All the reports are available on the archdiocesan web site.

The highlights:

  • The budget deficit was reduced again this year and they hope to have it balanced in next fiscal year.
  • Net assets of the archdiocese and parishes is up, mostly from the sale of closed parish properties.
  • The pension fund for lay employees is almost fully funded, but the fund for retired priests still needs work. They also say that initial reports that special collections intended for retired priests were diverted were wrong.
  • The costs for sex-abuse settlements dropped to $9.6 million last year from $150.8 million the year before. That’s a big drop, but it’s still almost $10 million. We’ll be dealing with the aftershocks from the Scandal for some time.
  • Cardinal Sean O’Malley’s salary is about $23,000, all of which goes to the Capuchin order.
  • As previously reported, giving to the Annual Appeal was $13.8 million, up 15% from 2005 and 55% since 2002, when the Scandal bomb dropped. That’s a clear sign of recovery.
  • Several of the fiscal improvements were due to transfers from the Reconfiguration Fund, which was the reason given for the closures in the first place.
  • Parish collections are also up, year over year, to $146.2 million from $137.4 million, although many inner-city parishes are not self-sustaining.

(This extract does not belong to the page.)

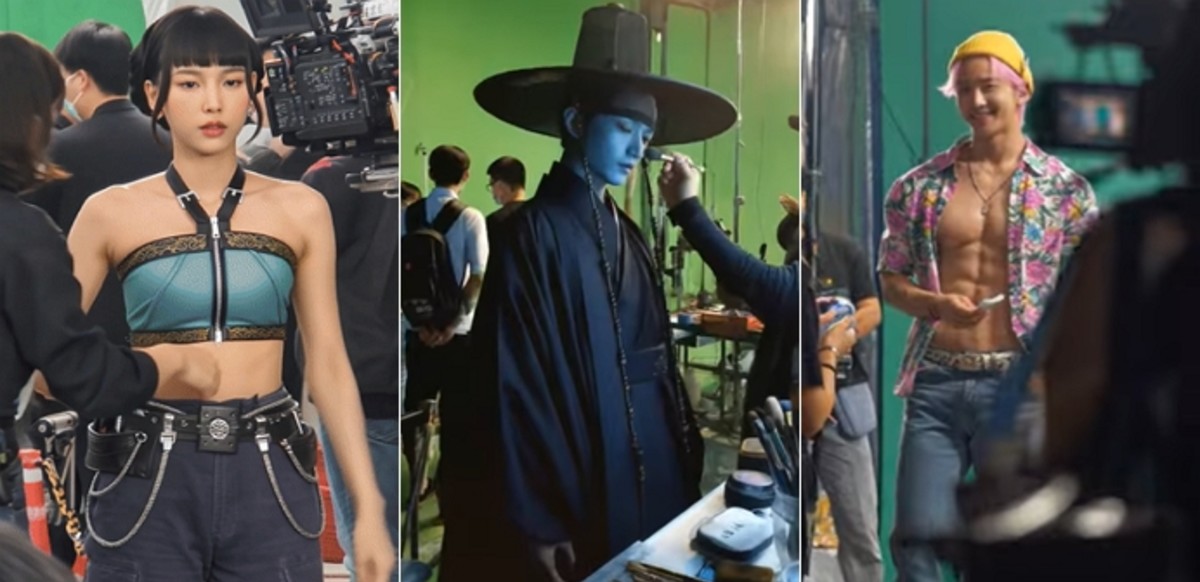 이 영상은 케데헌의 주인공 그룹인 '헌트릭스'와 '사자보이즈' 캐릭터들을 완벽하게 재현한 배우들이 촬영을 준비하는 모습을 담고 있었습니다.

Of course, the local media can’t help but go to the usual suspects—Voice of the Faithful and the Council of Parishes—for their standard “not good enough” responses. (Now, I’m making this statement even before reading the actual Boston Globe article, as opposed to the initial news update I linked above; as I read the article in today’s Globe I’m not proven wrong):

The condition of the clergy benefits funds drew concern from two major groups representing lay Catholics often critical of the archdiocese, Voice of the Faithful and the Council of Parishes.

“Voice of the Faithful continues to be distressed by the unfunded liability of the Clergy Benefit Trust,” the organization’s president, Mary Pat Fox, said in a statement yesterday. “… Our loyal priests deserve a dignified and worry free retirement.”

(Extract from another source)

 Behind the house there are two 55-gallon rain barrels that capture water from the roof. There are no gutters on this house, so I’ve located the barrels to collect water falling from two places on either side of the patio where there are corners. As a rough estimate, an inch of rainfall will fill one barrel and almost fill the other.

She offered praise for the overall disclosure, however, saying, “The improved financial condition of the Archdiocese of Boston demonstrates that accountability and transparency are just good business practices.”

The Council of Parishes also expressed concern about the retirement benefits for priests, charging that “the financial condition of the clergy pension fund continues to deteriorate” and that “either major cash infusions will have to be made, or benefits to the senior clergy will have to be cut sharply in the next few years.”

Could they all—VOTF, CoP, and the Globe—be more predictable?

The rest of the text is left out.